BEGIN Data shown
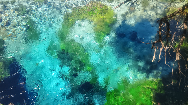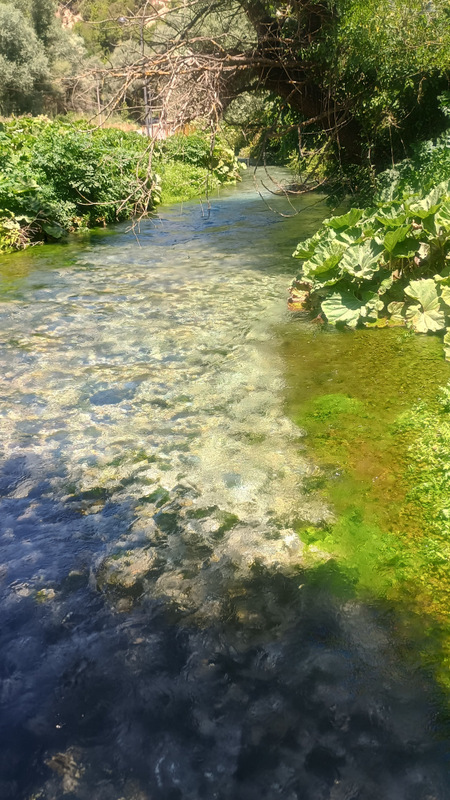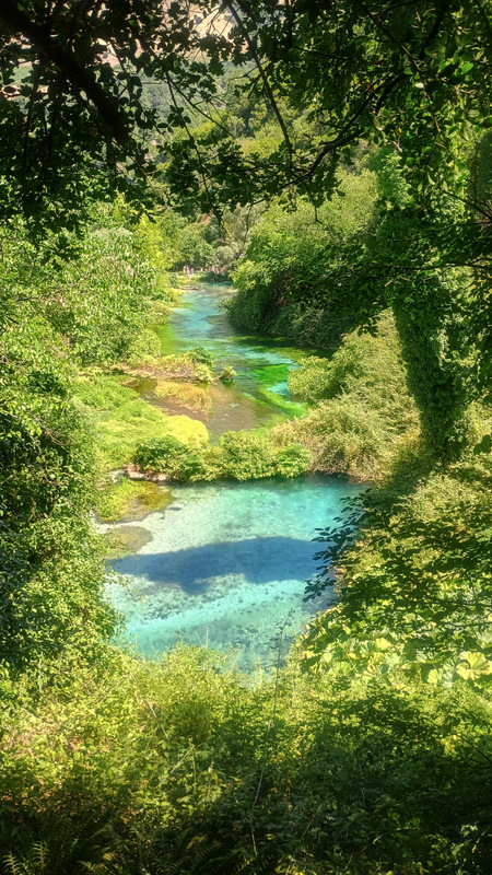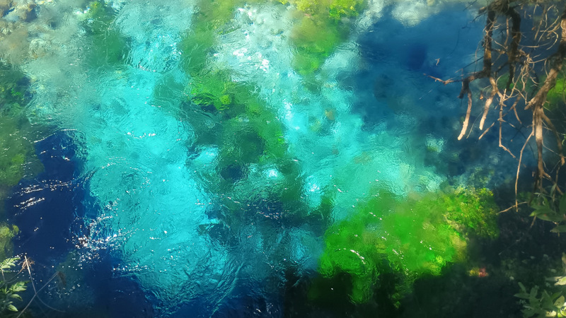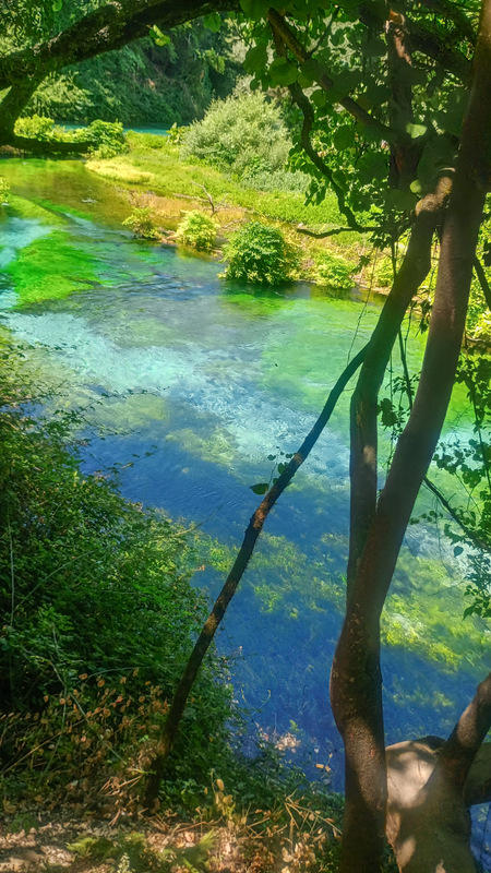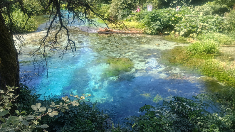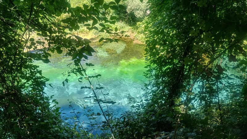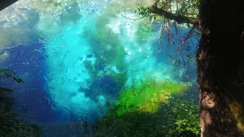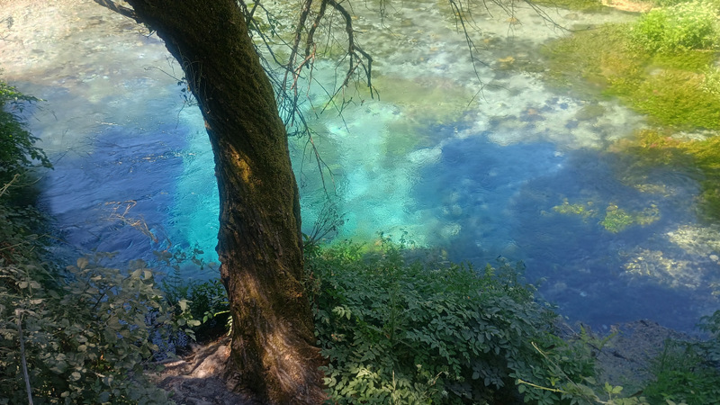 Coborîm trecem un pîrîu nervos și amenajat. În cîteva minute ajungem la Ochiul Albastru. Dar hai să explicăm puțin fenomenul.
END Data shown
BEGIN Data shown
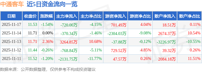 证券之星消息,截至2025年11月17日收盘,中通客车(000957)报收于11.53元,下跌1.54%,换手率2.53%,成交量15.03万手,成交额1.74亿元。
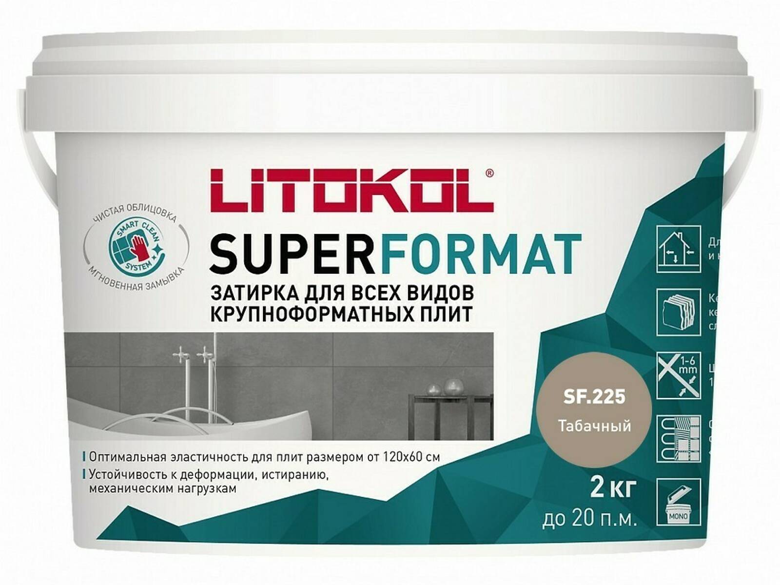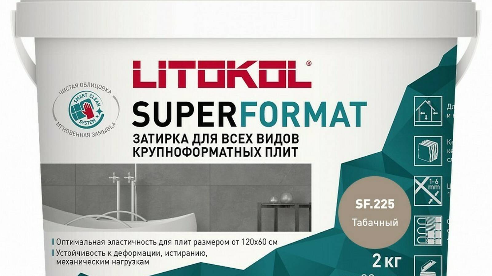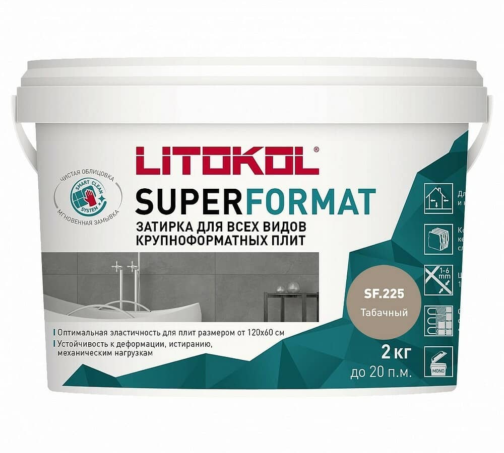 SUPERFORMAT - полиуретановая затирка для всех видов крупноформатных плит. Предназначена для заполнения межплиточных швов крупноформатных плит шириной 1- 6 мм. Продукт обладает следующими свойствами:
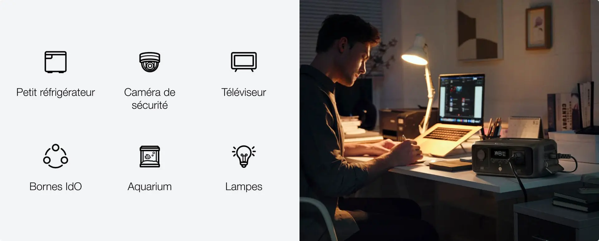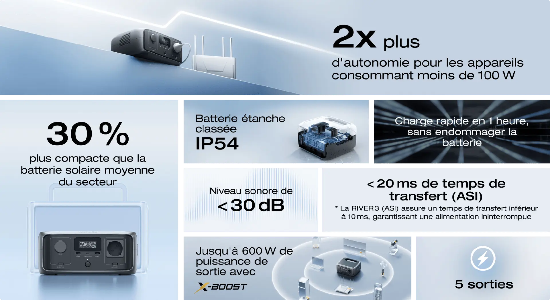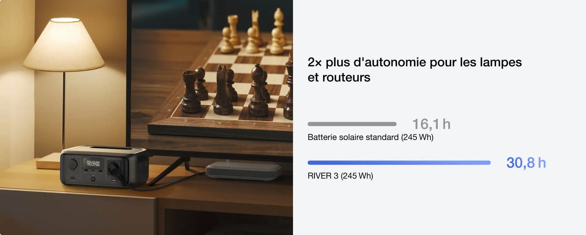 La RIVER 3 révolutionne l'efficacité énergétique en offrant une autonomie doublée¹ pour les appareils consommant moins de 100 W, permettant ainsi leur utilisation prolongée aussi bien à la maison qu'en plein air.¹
END Data shown
BEGIN Data shown
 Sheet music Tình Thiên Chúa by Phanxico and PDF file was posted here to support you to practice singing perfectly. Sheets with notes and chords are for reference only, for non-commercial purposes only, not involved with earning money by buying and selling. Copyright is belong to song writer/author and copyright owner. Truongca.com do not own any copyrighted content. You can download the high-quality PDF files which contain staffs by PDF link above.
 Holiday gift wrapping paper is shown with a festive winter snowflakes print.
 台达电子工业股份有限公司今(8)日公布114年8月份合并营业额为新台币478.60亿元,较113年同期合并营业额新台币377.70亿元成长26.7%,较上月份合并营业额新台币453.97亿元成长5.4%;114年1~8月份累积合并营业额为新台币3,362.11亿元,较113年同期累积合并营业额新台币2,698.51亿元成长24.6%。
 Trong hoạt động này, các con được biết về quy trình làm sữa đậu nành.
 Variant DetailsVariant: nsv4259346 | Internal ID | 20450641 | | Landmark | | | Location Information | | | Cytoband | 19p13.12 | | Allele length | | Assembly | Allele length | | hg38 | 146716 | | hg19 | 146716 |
END Data shown
Task to carry out:
Count every line above that holds the string "with" and give the total, nothing more.

The answer:
2